Dana Van Kooy (Michigan Technological University): Introduction

Teaching Romanticism has always posed its challenges, and as Romanticism expands in unprecedented ways, its elasticity—as a historic period and an aesthetic movement—has given way to a plurality of Romanticisms, which continue to proliferate in exciting and unanticipated ways. As the many recent edited collections and monographs about Romanticism make clear, the twentieth-century conception of Romanticism has been unmoored from its weak foundation that focused on six male poets, and the generic forms of lyric and romance. When Romanticism is brought into conjunction with drama, performance, and the theatre, the possibilities for alternative pedagogical practices as well as new questions for research and scholarship multiply exponentially.

Historically, theatre and drama, Fred Burwick writes, have been “swayed by the currents of social and political change affecting the theatre-going public. In the Romantic period the theatre audience grew more rapidly than at any previous period in British history.”[1] Observations like this have prompted some of the most resonant portraits of the period’s drama and theatre that we have. Much of the most recent work in this area has challenged both the traditional historiography that privileged the page over the stage as well as the cultural relevance of “high” forms of tragedy and comedy over the “low” forms of melodrama, pantomime and other “illegitimate” dramatic performances.[2] As the study of Romantic-period drama continues to evolve, scholars focus on performance history and the performative (re-)construction of personal, gendered, racialized, and national identities.[3] Other scholars have concentrated the materiality of performance, including its music and scenography, as well as the architectural and construction expertise required to build scale models of ships, to reinforce the stage floor for trampling horses and elephants, or to divert the Thames into a holding tank where famous sea battles were staged.[4] Media studies, celebrity and authorship, mass culture, censorship, and the politics of Britain’s Patent system of theatres have also driven recent studies of Romantic-era theatre and drama. With these complex matrices in play, the horizon for classroom discussion is increasingly expansive, spanning from the local and the material to the global and the ideological.

As Gillian Russell notes in The Cambridge Companion to English Literature 1740-1830, the

theatre existed in close proximity, literally, ideologically and in terms of textual production, with other spheres of Georgian public life in which politics dominated, particularly the newspaper and periodical press and print culture in general. [It also functioned as] a kind of Grand Central Station of […] cultural and social networks, a place of meeting for individuals but also of ranks, circles and genders.[5]

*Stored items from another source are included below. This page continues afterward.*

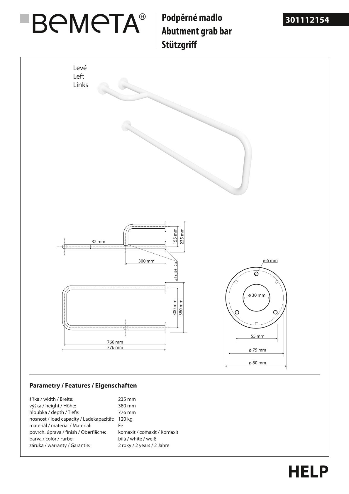 Поручень для ванной BEMETA HELP program 301112154 77,6см белый
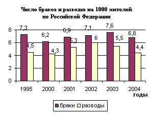 Рис. 3 Число браков и разводов на 1000жителей за 1995-2004гг.
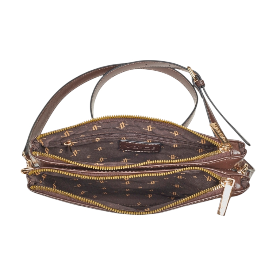 Γυναικεία Τσάντα Χιαστί Verde Μια κομψή και ευέλικτη επιλογή που αποπνέει διακριτική πολυτέλεια. Η χιαστί τσάντα Verde με λείο φινίρισμα και χρυσό λογότυπο στο μπροστινό μέρος προσδίδει minimal αισθητική και πρακτικότητα στην καθημερινότητά σας. Διαθέτει δύο ξεχωριστές θήκες με φερμουάρ για ιδανική οργάνωση των απαραίτητων αντικειμένων και ρυθμιζόμενο λουράκι ώμου για άνετη εφαρμογή.
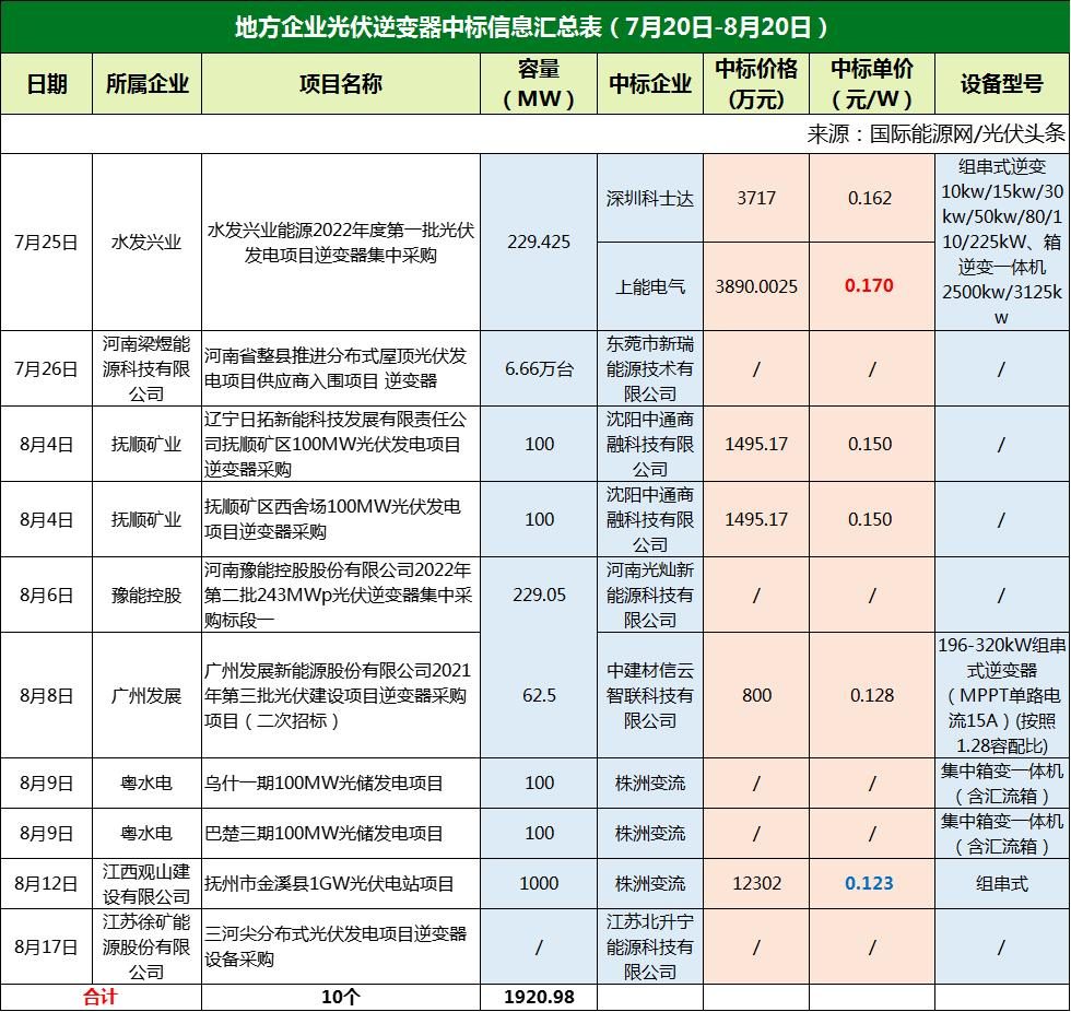 国际能源网/光伏头条(PV-2005)根据公开信息不完全统计,7月20日-8月20日,约有39个逆变器招标项目定标,合计容量10.39GW。中标企业方面,株洲变流、阳光电源、首航新能源、科华数据、上能电气排名中标容量榜前五,华为、特变电工、锦浪科技、科士达、正泰电源、科华数据等企业也有亮眼的表现。
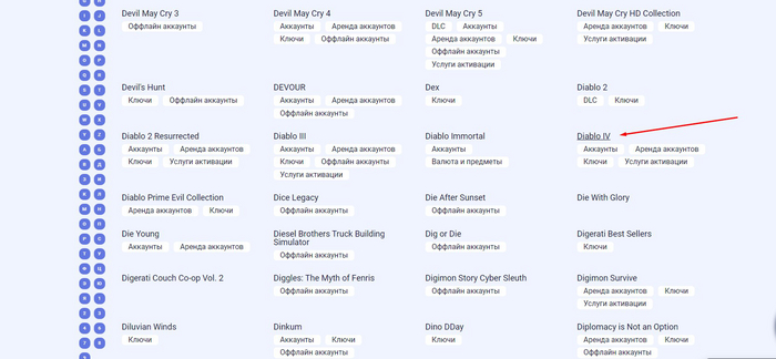 - Заходим в каталог и жмем букву D, а затем находим необходимую нам игру — Diablo 4

The crucial significance of theatre in this period cannot be overstated, and yet, it often proves difficult to convey succinctly to students the many levels of its intersectionality. Russell’s description of the theatre as “a kind of Grand Central Station” helps us picture the vital role played by theatres, which linked commercial interests with political concerns. As several of these essays demonstrate, performance and print culture were integrated in dynamic and complex ways: from Blake’s composite art forms and commercial playbills to theatrical adaptations of popular stories in periodicals and novels. Moreover, Daniel O’Quinn has argued that theatres in the period staged governance[6] and played a significant part in structuring the emergent forms of national, colonial, and imperial governance. Theatres were volatile cultural spaces, and the government exerted control over performances through its patent system, which granted government-patented theatres (Theatres Royal) a monopoly to perform legitimate or spoken-word dramas. While this system privileged theatres like Drury Lane, Covent Garden, and the Haymarket in London, it also subjected these performance scripts to pre-performance censorship. All other theatres—by far the majority—were rendered venues for illegitimate performances: circus acts, musicals, and pantomime, for example. Finally, as an assemblage of people who were working as managers, actors, writers, scene painters, and musicians, theatres linked provincial and metropolitan populations throughout Britain to a variety of cultural media and commercial enterprises that constituted what can be viewed effectively as a global network of performance sites.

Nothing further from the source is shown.